=== Section Start ===

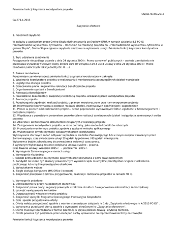 Pełnienie funkcji Asystenta koordynatora projektu Słupia, 03.09.2015 SA.271.4.2015 Zapytanie ofertowe 1. Przedmiot zapytania W związku z uzyskaniem przez Gminę Słupia dofinansowania ze środków EFRR w ramach działania 8.3 PO IG Przeciwdziałanie wykluczeniu cyfrowemu – eInclusion na realizację projektu pn. „Przeciwdziałanie wykluczeniu cyfrowemu w gminie Słupia”, Gmina Słupia ogłasza zapytanie ofertowe na wykonanie usługi: Pełnienie funkcji Asystenta koordynatora projektu. 2. Tryb udzielenia zamówienia Postępowanie nie podlega ustawie z dnia 29 stycznia 2004 r. Prawo zamówień publicznych – wartość zamówienia nie przekracza wyrażonej w złotych kwoty 30.000 euro (W związku z art.4 ust.8 ustawy z dnia 29 stycznia 2004 r. Prawo zamówień publicznych tekst jednolity Dz. U. …) 3. Zakres zamówienia Przedmiotem zamówienia jest pełnienie funkcji asystenta koordynatora w zakresie: 1. Wspierania koordynatora projektu w realizowaniu i monitorowaniu poszczególnych działań w projekcie 3. Logistyczna obsługa projektu 4. Opracowanie planu i regulaminu rekrutacji Beneficjentów projektu 5. Organizowanie spotkań z Beneficjentami 6. Rekrutacja Beneficjentów 7. Prowadzenie dokumentacji związanej z realizacją projektu, wskazanej przez koordynatora projektu 8. Promocja projektu 9. Przestrzeganie zgodności realizacji projektu z planem merytorycznym oraz harmonogramem projektu 10. Informowanie koordynatora o postępie realizacji działań, ewentualnych opóźnieniach i zagrożeniach 11. Pomoc w pracach nad rozliczaniem projektu, ocena poprawności wystawianych faktur, zgodności z harmonogramem i budżetem projektu 12. Współpraca z pozostałym personelem projektu celem realizacji zamierzonych działań i osiągnięcia zamierzonych celów projektu 13. Zbieranie i archiwizowanie dokumentów związanych z realizacją projektu 14. Zastępowanie koordynatora projektu, w razie potrzeby, jako osoba do kontaktów roboczych 15. Prowadzenie monitoringu projektu zgodnie z zapisami wniosku aplikacyjnego 16. Wykonywanie innych czynności wskazanych przez koordynatora Wykonywanie zleconych zadań odbywać się będzie w siedzibie Zamawiającego lub w innym miejscu wskazanym przez Zamawiającego, czas świadczenia usługi 20 godzin tygodniowo / 80 godzin miesięcznie. Wykonawca będzie zobowiązany do prowadzenia ewidencji czasu pracy. Z wybranym Wykonawcą zostanie podpisana umowa cywilno – prawna. Czas trwania umowy: wrzesień 2015 r. – październik 2015 r. 4. Wymagania Zamawiającego w ramach usługi a. Wymagania niezbędne: l. Posiada pełną zdolność do czynności prawnych oraz korzystania z pełni praw publicznych 2. Kandydat nie może być skazany prawomocnym wyrokiem sądu za umyślne przestępstwo ścigane z oskarżenia publicznego lub umyślne przestępstwo skarbowe 3. Wykształcenie wyższe 4. Biegła obsługa komputera (MS Office i Internet) 5. Znajomość przepisów z zakresu przygotowania, realizacji i rozliczania projektów w ramach PO IG b. Wymagania pożądane: 1. Doświadczenie w pracy na podobnym stanowisku 2. Znajomość prawa pracy, regulacji prawnych w zakresie struktur i funkcjonowania administracji samorządowej 3. Łatwość nawiązywania kontaktów 4. Dyspozycyjność w trakcie trwania projektu 5. Znajomość specyfiki Programu Operacyjnego Innowacyjna Gospodarka 5. Opis sposób przygotowania oferty: a. Ofertę należy przygotować zgodnie z wzorem stanowiącym załącznik nr 1 do „Zapytania ofertowego nr 4/2015 PO IG” , b. Wykonawca przedstawi ofertę zgodnie z wymogami określonymi w „Zapytaniu ofertowym”. c. Oferta musi być sporządzona w formie pisemnej, w języku polskim, trwałą i czytelną techniką. d. Oferta powinna być podpisana przez osobę lub osoby uprawnione do reprezentowania firmy na zewnątrz. Pełnienie funkcji Asystenta koordynatora projektu Pełnienie funkcji Asystenta koordynatora projektu e. Do oferty należy dołączyć CV oraz stosowne dokumenty potwierdzające wykształcenie, kwalifikacje i doświadczenie w pracy na podobnym stanowisku Przed podpisaniem umowy konieczne będzie przedłożenie w/w dokumentów do wglądu. 6 Miejsce, terminy i sposób składania ofert: a. Ofertę należy złożyć w siedzibie Zamawiającego – Urząd Gminy Słupia, Słupia 257, osobiście, pocztą pod w/w adres lub pocztą elektroniczną na adres: Urząd Gminy Słupia, Słupia 257, 28-350 Słupia Termin złożenia oferty: ofertę należy złożyć do dnia 08.09.2015 roku do godz. 12:00, za datę wpływu uznaje się datę wpływu do urzędu (nie datę nadania) b. W przypadku ofert składanych osobiście lub pocztą, ofertę należy złożyć w zamkniętym i nieprzezroczystym opakowaniu zaadresowanym do Zamawiającego z dopiskiem: „Asystent koordynatora 8.3 PO IG” c. Oferty złożone po terminie, niekompletne lub nie spełniające stawianych wymagań, nie będą rozpatrywane 8. Opis kryteriów wyboru oferty Kryterium oceny ofert – cena 100% Maksymalnie zdobyć można 100 punktów, wykonanie usługi pełnienia funkcji Asystenta koordynatora projektu zostanie zlecone Wykonawcy, który uzyska najwyższą ilość punktów. 1. Cena ofertowa powinna obejmować kompletne wykonanie przedmiotu zamówienia określonego w niniejszym zapytaniu ofertowym. 2. Oferta musi zawierać ostateczną cenę brutto/brutto za miesiąc za wykonanie przedmiotu zamówienia 3. Ostateczna cena oferty winna być zaokrąglona do dwóch miejsc po przecinku. 4. Rozliczenia pomiędzy Zamawiającym a Wykonawcą odbywać się będą w złotych polskich, na podstawie wystawionej przez Wykonawcę faktury (lub rachunku) 5. Wprowadzenie przez Wykonawcę jakichkolwiek zmian w druku „FORMULARZ OFERTY” spowoduje odrzucenie oferty. Zamawiający zastrzega sobie prawo do unieważnienia niniejszego postępowania bez podania przyczyny. 9. Informacja o wyborze najkorzystniejszej oferty: Informacja o wyborze najkorzystniejszej oferty zawierająca: nazwę (firmę), siedzib
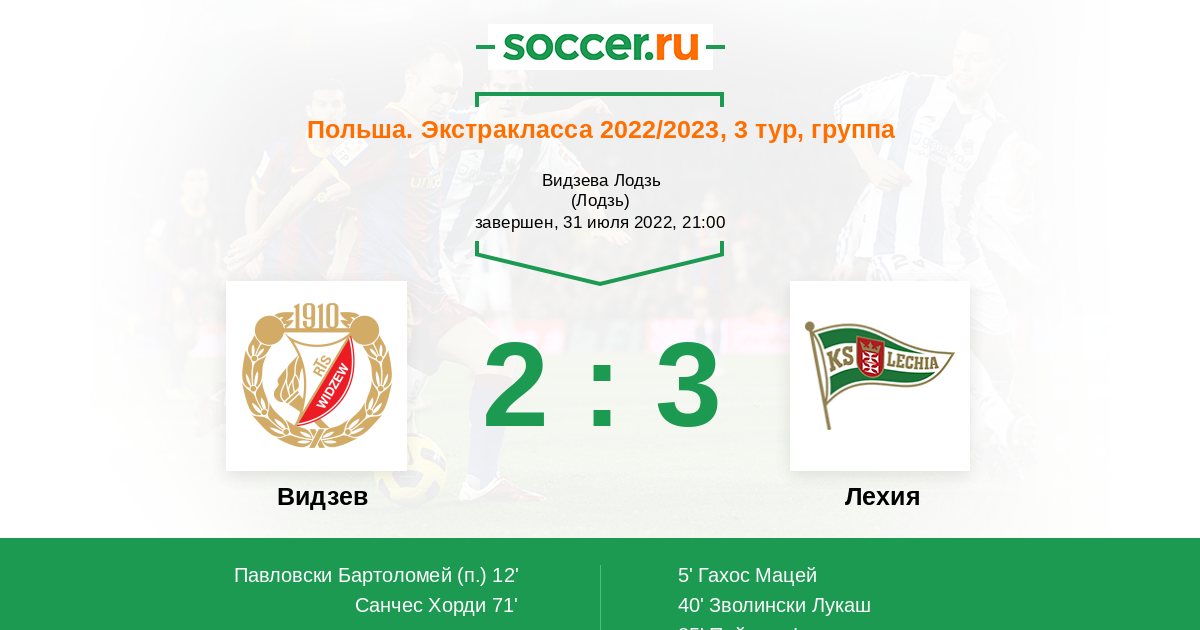 Видзев - Лехия: обзор матча 31 июля 2022
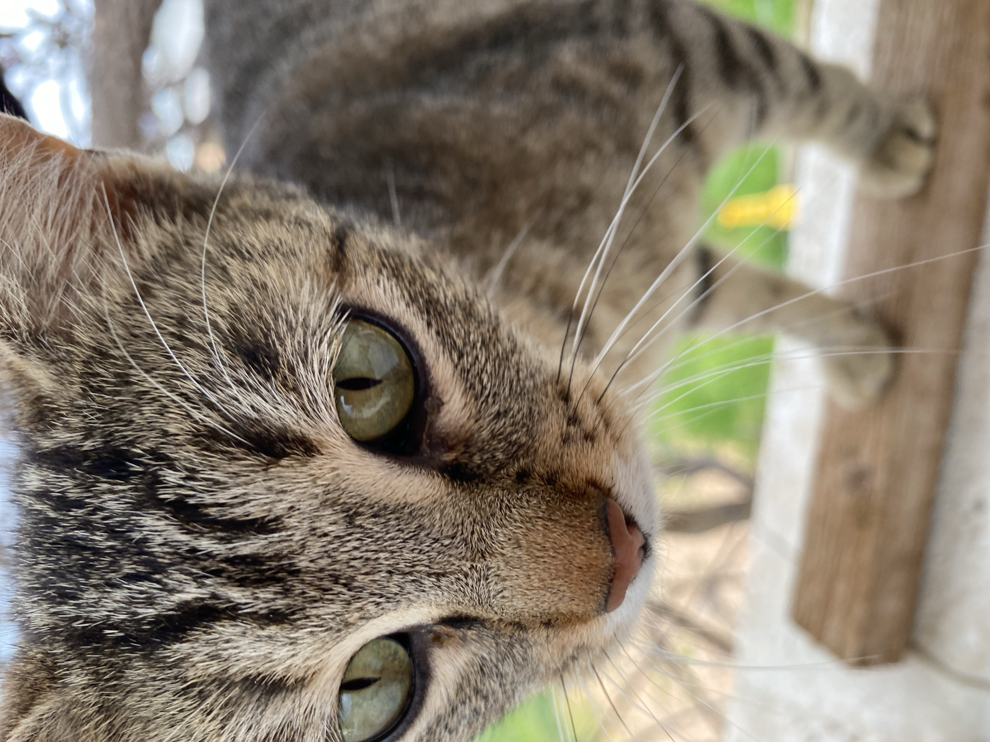 A close-up photograph depicts the head and upper body of a domestic cat, identified as a tabby, in Kunje, Montenegro. The cat's fur displays a pattern of brown, grey, and black stripes, with lighter fur on its muzzle. Its large, round eyes are green with dark pupils, and its nose is pinkish-brown. Numerous long, white whiskers extend from its muzzle. The cat is positioned facing directly towards the camera, with its body angled slightly to the right. It stands on a light-colored, possibly concrete, surface, with a rectangular wooden object situated beneath its front paws. The background is largely out of focus, showing a blurred green area, indicative of foliage or grass, and an indistinct yellow object in the distant background.

=== Section End ===

Reprint the whole listing verbatim except for the pictures.

 Pełnienie funkcji Asystenta koordynatora projektu Słupia, 03.09.2015 SA.271.4.2015 Zapytanie ofertowe 1. Przedmiot zapytania W związku z uzyskaniem przez Gminę Słupia dofinansowania ze środków EFRR w ramach działania 8.3 PO IG Przeciwdziałanie wykluczeniu cyfrowemu – eInclusion na realizację projektu pn. „Przeciwdziałanie wykluczeniu cyfrowemu w gminie Słupia”, Gmina Słupia ogłasza zapytanie ofertowe na wykonanie usługi: Pełnienie funkcji Asystenta koordynatora projektu. 2. Tryb udzielenia zamówienia Postępowanie nie podlega ustawie z dnia 29 stycznia 2004 r. Prawo zamówień publicznych – wartość zamówienia nie przekracza wyrażonej w złotych kwoty 30.000 euro (W związku z art.4 ust.8 ustawy z dnia 29 stycznia 2004 r. Prawo zamówień publicznych tekst jednolity Dz. U. …) 3. Zakres zamówienia Przedmiotem zamówienia jest pełnienie funkcji asystenta koordynatora w zakresie: 1. Wspierania koordynatora projektu w realizowaniu i monitorowaniu poszczególnych działań w projekcie 3. Logistyczna obsługa projektu 4. Opracowanie planu i regulaminu rekrutacji Beneficjentów projektu 5. Organizowanie spotkań z Beneficjentami 6. Rekrutacja Beneficjentów 7. Prowadzenie dokumentacji związanej z realizacją projektu, wskazanej przez koordynatora projektu 8. Promocja projektu 9. Przestrzeganie zgodności realizacji projektu z planem merytorycznym oraz harmonogramem projektu 10. Informowanie koordynatora o postępie realizacji działań, ewentualnych opóźnieniach i zagrożeniach 11. Pomoc w pracach nad rozliczaniem projektu, ocena poprawności wystawianych faktur, zgodności z harmonogramem i budżetem projektu 12. Współpraca z pozostałym personelem projektu celem realizacji zamierzonych działań i osiągnięcia zamierzonych celów projektu 13. Zbieranie i archiwizowanie dokumentów związanych z realizacją projektu 14. Zastępowanie koordynatora projektu, w razie potrzeby, jako osoba do kontaktów roboczych 15. Prowadzenie monitoringu projektu zgodnie z zapisami wniosku aplikacyjnego 16. Wykonywanie innych czynności wskazanych przez koordynatora Wykonywanie zleconych zadań odbywać się będzie w siedzibie Zamawiającego lub w innym miejscu wskazanym przez Zamawiającego, czas świadczenia usługi 20 godzin tygodniowo / 80 godzin miesięcznie. Wykonawca będzie zobowiązany do prowadzenia ewidencji czasu pracy. Z wybranym Wykonawcą zostanie podpisana umowa cywilno – prawna. Czas trwania umowy: wrzesień 2015 r. – październik 2015 r. 4. Wymagania Zamawiającego w ramach usługi a. Wymagania niezbędne: l. Posiada pełną zdolność do czynności prawnych oraz korzystania z pełni praw publicznych 2. Kandydat nie może być skazany prawomocnym wyrokiem sądu za umyślne przestępstwo ścigane z oskarżenia publicznego lub umyślne przestępstwo skarbowe 3. Wykształcenie wyższe 4. Biegła obsługa komputera (MS Office i Internet) 5. Znajomość przepisów z zakresu przygotowania, realizacji i rozliczania projektów w ramach PO IG b. Wymagania pożądane: 1. Doświadczenie w pracy na podobnym stanowisku 2. Znajomość prawa pracy, regulacji prawnych w zakresie struktur i funkcjonowania administracji samorządowej 3. Łatwość nawiązywania kontaktów 4. Dyspozycyjność w trakcie trwania projektu 5. Znajomość specyfiki Programu Operacyjnego Innowacyjna Gospodarka 5. Opis sposób przygotowania oferty: a. Ofertę należy przygotować zgodnie z wzorem stanowiącym załącznik nr 1 do „Zapytania ofertowego nr 4/2015 PO IG” , b. Wykonawca przedstawi ofertę zgodnie z wymogami określonymi w „Zapytaniu ofertowym”. c. Oferta musi być sporządzona w formie pisemnej, w języku polskim, trwałą i czytelną techniką. d. Oferta powinna być podpisana przez osobę lub osoby uprawnione do reprezentowania firmy na zewnątrz. Pełnienie funkcji Asystenta koordynatora projektu Pełnienie funkcji Asystenta koordynatora projektu e. Do oferty należy dołączyć CV oraz stosowne dokumenty potwierdzające wykształcenie, kwalifikacje i doświadczenie w pracy na podobnym stanowisku Przed podpisaniem umowy konieczne będzie przedłożenie w/w dokumentów do wglądu. 6 Miejsce, terminy i sposób składania ofert: a. Ofertę należy złożyć w siedzibie Zamawiającego – Urząd Gminy Słupia, Słupia 257, osobiście, pocztą pod w/w adres lub pocztą elektroniczną na adres: Urząd Gminy Słupia, Słupia 257, 28-350 Słupia Termin złożenia oferty: ofertę należy złożyć do dnia 08.09.2015 roku do godz. 12:00, za datę wpływu uznaje się datę wpływu do urzędu (nie datę nadania) b. W przypadku ofert składanych osobiście lub pocztą, ofertę należy złożyć w zamkniętym i nieprzezroczystym opakowaniu zaadresowanym do Zamawiającego z dopiskiem: „Asystent koordynatora 8.3 PO IG” c. Oferty złożone po terminie, niekompletne lub nie spełniające stawianych wymagań, nie będą rozpatrywane 8. Opis kryteriów wyboru oferty Kryterium oceny ofert – cena 100% Maksymalnie zdobyć można 100 punktów, wykonanie usługi pełnienia funkcji Asystenta koordynatora projektu zostanie zlecone Wykonawcy, który uzyska najwyższą ilość punktów. 1. Cena ofertowa powinna obejmować kompletne wykonanie przedmiotu zamówienia określonego w niniejszym zapytaniu ofertowym. 2. Oferta musi zawierać ostateczną cenę brutto/brutto za miesiąc za wykonanie przedmiotu zamówienia 3. Ostateczna cena oferty winna być zaokrąglona do dwóch miejsc po przecinku. 4. Rozliczenia pomiędzy Zamawiającym a Wykonawcą odbywać się będą w złotych polskich, na podstawie wystawionej przez Wykonawcę faktury (lub rachunku) 5. Wprowadzenie przez Wykonawcę jakichkolwiek zmian w druku „FORMULARZ OFERTY” spowoduje odrzucenie oferty. Zamawiający zastrzega sobie prawo do unieważnienia niniejszego postępowania bez podania przyczyny. 9. Informacja o wyborze najkorzystniejszej oferty: Informacja o wyborze najkorzystniejszej oferty zawierająca: nazwę (firmę), siedzib
 Видзев - Лехия: обзор матча 31 июля 2022
 A close-up photograph depicts the head and upper body of a domestic cat, identified as a tabby, in Kunje, Montenegro. The cat's fur displays a pattern of brown, grey, and black stripes, with lighter fur on its muzzle. Its large, round eyes are green with dark pupils, and its nose is pinkish-brown. Numerous long, white whiskers extend from its muzzle. The cat is positioned facing directly towards the camera, with its body angled slightly to the right. It stands on a light-colored, possibly concrete, surface, with a rectangular wooden object situated beneath its front paws. The background is largely out of focus, showing a blurred green area, indicative of foliage or grass, and an indistinct yellow object in the distant background.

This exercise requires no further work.